(TASK DESCRIPTION):
Reproduce the entire listing exactly. Leave the pictures out.

(DATASET SECTION):
################

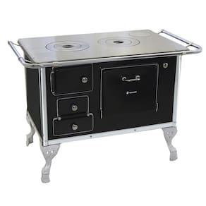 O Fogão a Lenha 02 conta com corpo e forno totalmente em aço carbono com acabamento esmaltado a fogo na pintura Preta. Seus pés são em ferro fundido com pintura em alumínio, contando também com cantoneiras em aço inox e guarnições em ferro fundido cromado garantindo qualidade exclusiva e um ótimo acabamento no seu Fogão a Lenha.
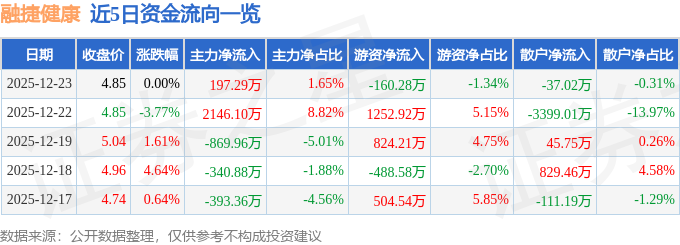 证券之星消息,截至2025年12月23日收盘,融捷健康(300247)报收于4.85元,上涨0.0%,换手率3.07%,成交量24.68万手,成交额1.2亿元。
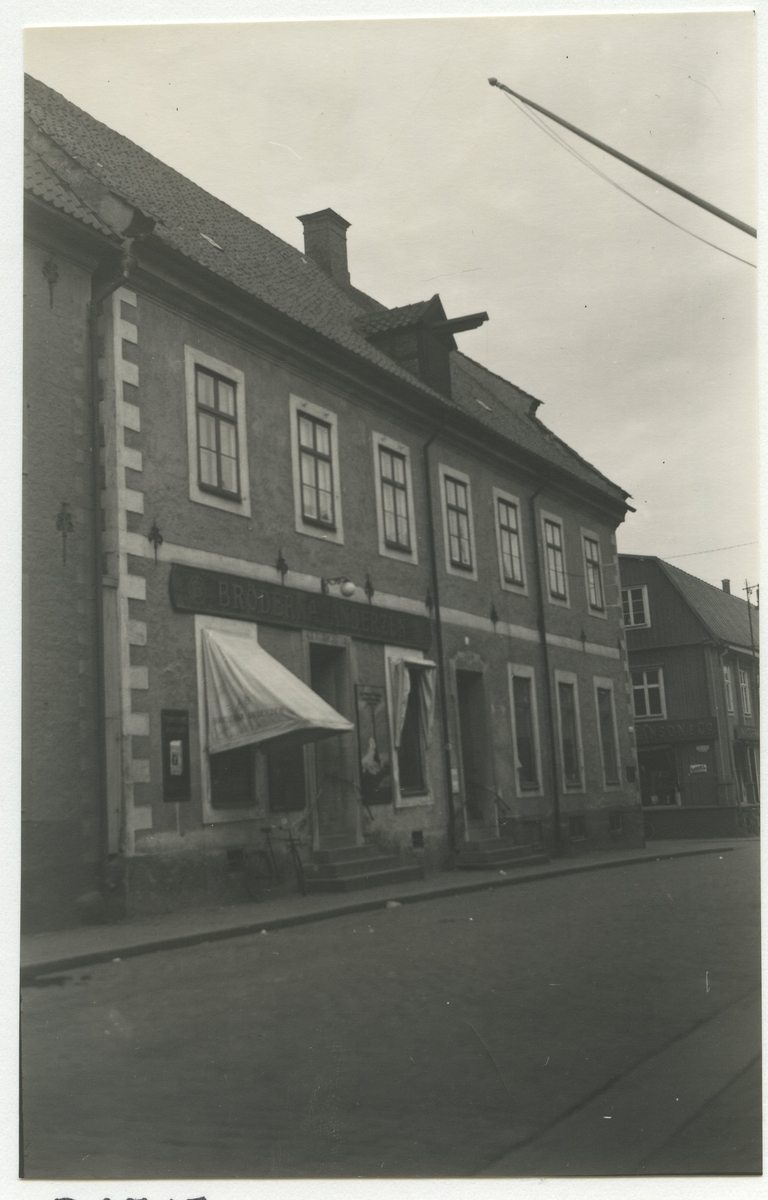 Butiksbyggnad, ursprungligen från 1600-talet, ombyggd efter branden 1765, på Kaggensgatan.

################

(ANSWER TO THIS TASK):
 O Fogão a Lenha 02 conta com corpo e forno totalmente em aço carbono com acabamento esmaltado a fogo na pintura Preta. Seus pés são em ferro fundido com pintura em alumínio, contando também com cantoneiras em aço inox e guarnições em ferro fundido cromado garantindo qualidade exclusiva e um ótimo acabamento no seu Fogão a Lenha.
 证券之星消息,截至2025年12月23日收盘,融捷健康(300247)报收于4.85元,上涨0.0%,换手率3.07%,成交量24.68万手,成交额1.2亿元。
 Butiksbyggnad, ursprungligen från 1600-talet, ombyggd efter branden 1765, på Kaggensgatan.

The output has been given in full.